__Data section__.
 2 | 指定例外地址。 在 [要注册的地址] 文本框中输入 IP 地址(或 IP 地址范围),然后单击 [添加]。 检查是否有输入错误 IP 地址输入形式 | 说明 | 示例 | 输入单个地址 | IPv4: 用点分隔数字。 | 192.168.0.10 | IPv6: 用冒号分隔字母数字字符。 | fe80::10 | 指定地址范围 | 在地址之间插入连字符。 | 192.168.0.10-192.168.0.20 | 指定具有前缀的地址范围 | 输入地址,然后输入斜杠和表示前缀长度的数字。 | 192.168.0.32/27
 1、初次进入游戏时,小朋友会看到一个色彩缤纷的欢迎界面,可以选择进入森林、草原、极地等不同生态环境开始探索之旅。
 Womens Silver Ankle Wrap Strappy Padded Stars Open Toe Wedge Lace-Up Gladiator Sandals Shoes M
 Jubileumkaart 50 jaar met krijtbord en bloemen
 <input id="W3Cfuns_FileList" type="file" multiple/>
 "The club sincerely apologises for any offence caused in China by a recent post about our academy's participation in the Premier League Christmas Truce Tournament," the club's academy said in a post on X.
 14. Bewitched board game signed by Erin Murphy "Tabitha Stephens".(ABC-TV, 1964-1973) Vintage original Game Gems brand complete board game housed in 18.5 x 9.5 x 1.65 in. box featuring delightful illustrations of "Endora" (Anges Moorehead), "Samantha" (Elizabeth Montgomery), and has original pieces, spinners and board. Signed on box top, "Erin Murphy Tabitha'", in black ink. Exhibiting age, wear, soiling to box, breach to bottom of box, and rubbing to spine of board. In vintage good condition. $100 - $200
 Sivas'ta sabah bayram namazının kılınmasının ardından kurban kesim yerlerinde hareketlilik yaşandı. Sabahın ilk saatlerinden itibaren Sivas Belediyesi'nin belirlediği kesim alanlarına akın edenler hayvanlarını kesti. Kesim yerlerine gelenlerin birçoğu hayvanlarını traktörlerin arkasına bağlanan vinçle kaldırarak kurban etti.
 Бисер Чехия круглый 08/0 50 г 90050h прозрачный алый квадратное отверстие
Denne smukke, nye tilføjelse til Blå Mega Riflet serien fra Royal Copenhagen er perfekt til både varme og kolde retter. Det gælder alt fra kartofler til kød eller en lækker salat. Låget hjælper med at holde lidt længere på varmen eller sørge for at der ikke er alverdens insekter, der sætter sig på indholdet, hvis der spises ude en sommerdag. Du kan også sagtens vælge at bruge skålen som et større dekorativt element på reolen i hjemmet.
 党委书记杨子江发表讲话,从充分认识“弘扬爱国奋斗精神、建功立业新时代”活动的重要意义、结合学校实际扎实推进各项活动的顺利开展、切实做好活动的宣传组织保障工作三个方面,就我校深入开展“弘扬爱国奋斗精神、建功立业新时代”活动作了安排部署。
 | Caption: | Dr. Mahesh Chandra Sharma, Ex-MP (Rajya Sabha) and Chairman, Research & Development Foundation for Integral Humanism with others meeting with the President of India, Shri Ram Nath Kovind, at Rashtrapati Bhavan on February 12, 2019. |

__Task objective__. Set down an exact copy of the entries above.

__Exercise result__.
 2 | 指定例外地址。 在 [要注册的地址] 文本框中输入 IP 地址(或 IP 地址范围),然后单击 [添加]。 检查是否有输入错误 IP 地址输入形式 | 说明 | 示例 | 输入单个地址 | IPv4: 用点分隔数字。 | 192.168.0.10 | IPv6: 用冒号分隔字母数字字符。 | fe80::10 | 指定地址范围 | 在地址之间插入连字符。 | 192.168.0.10-192.168.0.20 | 指定具有前缀的地址范围 | 输入地址,然后输入斜杠和表示前缀长度的数字。 | 192.168.0.32/27
 1、初次进入游戏时,小朋友会看到一个色彩缤纷的欢迎界面,可以选择进入森林、草原、极地等不同生态环境开始探索之旅。
 Womens Silver Ankle Wrap Strappy Padded Stars Open Toe Wedge Lace-Up Gladiator Sandals Shoes M
 Jubileumkaart 50 jaar met krijtbord en bloemen
 <input id="W3Cfuns_FileList" type="file" multiple/>
 "The club sincerely apologises for any offence caused in China by a recent post about our academy's participation in the Premier League Christmas Truce Tournament," the club's academy said in a post on X.
 14. Bewitched board game signed by Erin Murphy "Tabitha Stephens".(ABC-TV, 1964-1973) Vintage original Game Gems brand complete board game housed in 18.5 x 9.5 x 1.65 in. box featuring delightful illustrations of "Endora" (Anges Moorehead), "Samantha" (Elizabeth Montgomery), and has original pieces, spinners and board. Signed on box top, "Erin Murphy Tabitha'", in black ink. Exhibiting age, wear, soiling to box, breach to bottom of box, and rubbing to spine of board. In vintage good condition. $100 - $200
 Sivas'ta sabah bayram namazının kılınmasının ardından kurban kesim yerlerinde hareketlilik yaşandı. Sabahın ilk saatlerinden itibaren Sivas Belediyesi'nin belirlediği kesim alanlarına akın edenler hayvanlarını kesti. Kesim yerlerine gelenlerin birçoğu hayvanlarını traktörlerin arkasına bağlanan vinçle kaldırarak kurban etti.
 Бисер Чехия круглый 08/0 50 г 90050h прозрачный алый квадратное отверстие
Denne smukke, nye tilføjelse til Blå Mega Riflet serien fra Royal Copenhagen er perfekt til både varme og kolde retter. Det gælder alt fra kartofler til kød eller en lækker salat. Låget hjælper med at holde lidt længere på varmen eller sørge for at der ikke er alverdens insekter, der sætter sig på indholdet, hvis der spises ude en sommerdag. Du kan også sagtens vælge at bruge skålen som et større dekorativt element på reolen i hjemmet.
 党委书记杨子江发表讲话,从充分认识“弘扬爱国奋斗精神、建功立业新时代”活动的重要意义、结合学校实际扎实推进各项活动的顺利开展、切实做好活动的宣传组织保障工作三个方面,就我校深入开展“弘扬爱国奋斗精神、建功立业新时代”活动作了安排部署。
 | Caption: | Dr. Mahesh Chandra Sharma, Ex-MP (Rajya Sabha) and Chairman, Research & Development Foundation for Integral Humanism with others meeting with the President of India, Shri Ram Nath Kovind, at Rashtrapati Bhavan on February 12, 2019. |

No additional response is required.